AFAICT this has a lot to do with the fact that most people who'd be able to "reimagine" / fundamentally improve the Unix shell are also the people that are so intimately familiar with the shell and all its quirks that they don't see any need for improvement. It has always been that way, so it must stay that way.

> I feel like I'm going to have to fix that myself in the next couple years...

Please let me know when you do. :)


I agree with some of your frustrations, but it's honestly not that bad once you setup your environment properly and get used to some of the quirks.

> I feel like I spend 45 minutes every time I write a shell script to determine simple things like "is this environment variable set".

Adopt some best practices[1] and have a template to start new scripts with. ShellCheck also helps with avoiding the most common pitfalls.

> I find myself reaching for purpose-built tools rather than ad-hoc pipelines

It helps to distinguish day-to-day interactive work in the shell from writing portable shell scripts that will be robust and require little maintenance for years to come. For the former you want user friendly tools that help you the most with a particular task. For the latter you want to use battle-tested tools with a stable interface that are available on many systems or are preferably built-in to the shell.

> I am getting more and more frustrated at basic shell mechanics like history handling

That's mostly a solved problem in many shells. Zsh supports it natively[2].

I wouldn't want to discourage you from writing your own shell, good luck with that, but there are plenty of good POSIX compatible and alternative shells out there. We can agree that "real" programming languages are much more powerful, safer and friendlier, but plain old shell scripts are the right tool for the job in many situations and shouldn't be ignored at all cost.
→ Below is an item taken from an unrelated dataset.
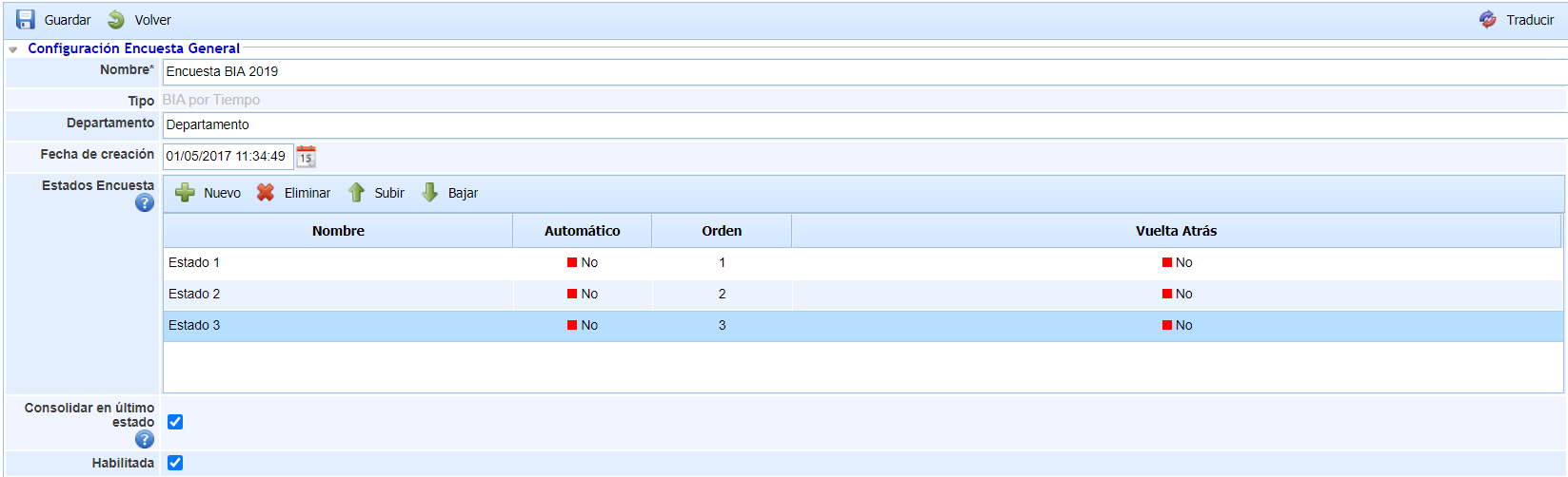 Si el estado permite que vuelva al estado anterior. Al marcar Sí, el responsable de completar la encuesta podrá devolverla al estado previo.

[1]: http://redsymbol.net/articles/unofficial-bash-strict-mode/

[2]: https://nuclearsquid.com/writings/shared-history-in-zsh/


All the deployment things are just wrappers to shell commands so if you want to help people debug user-data.sh, cron, ansible, docker files, or puppet, you need to understand shell. Also, it is better to have something in bash as code than not have it be fully automated. I draw the line at arrays tho. If you want arrays don’t do bash. But if you want to just run a bunch of commands on your compute, bash is there.
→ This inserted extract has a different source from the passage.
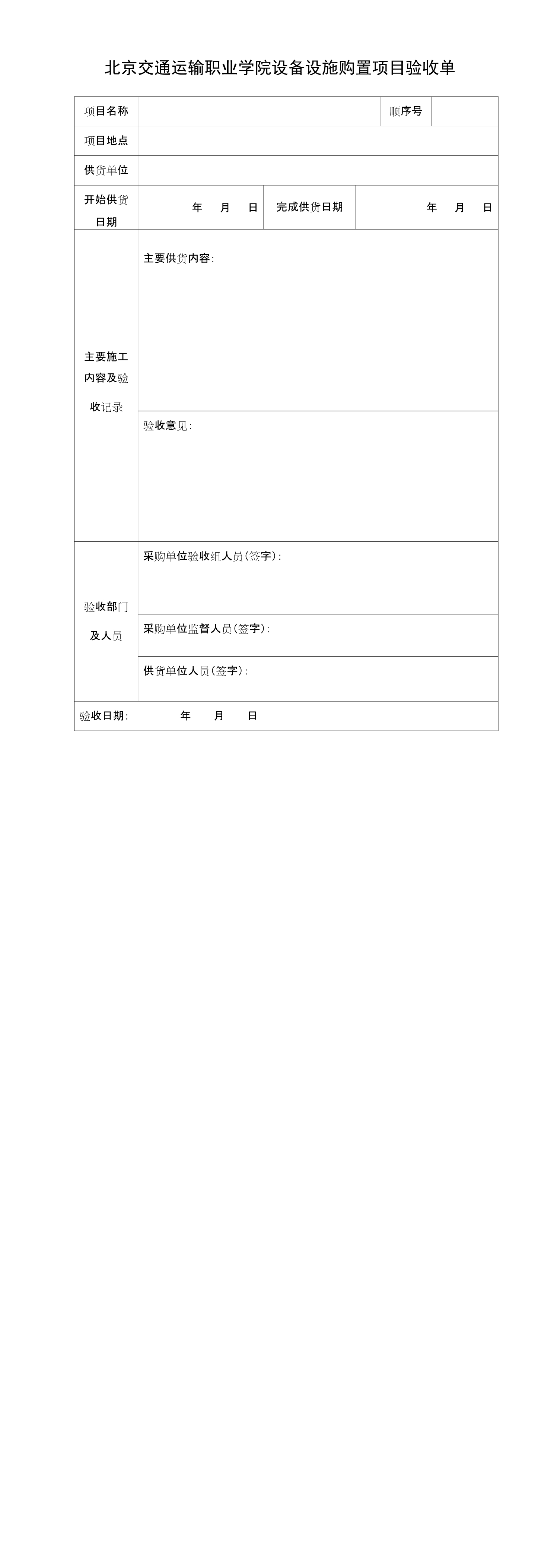 设备设施购置项目验收单

One thing I have started doing for stuff that need to go via ssh is I just do a here doc for an embedded shell script that I scp to the remote and then just use ssh to invoke it. The quoting and pseudotty stuff just got to be too dumb to understand.

Also, and maybe this is just for non-interactive scripts, I find everything from writing them to using them is a lot easier if you take pains to make them idempotent, so you can run them one or 100 times with the same effect.


> The [python] scripts are much faster...

Pipelines are performant; many algorithms can be expressed as pipelines. Bash has many built-in string manipulation mechanisms which do not require a sub shell.

Why do people who subscribe to the “avoid shell scripts at all costs” ideology feel so passionately about prescribing to others?

I like python, but if I am in a rush it’s shell.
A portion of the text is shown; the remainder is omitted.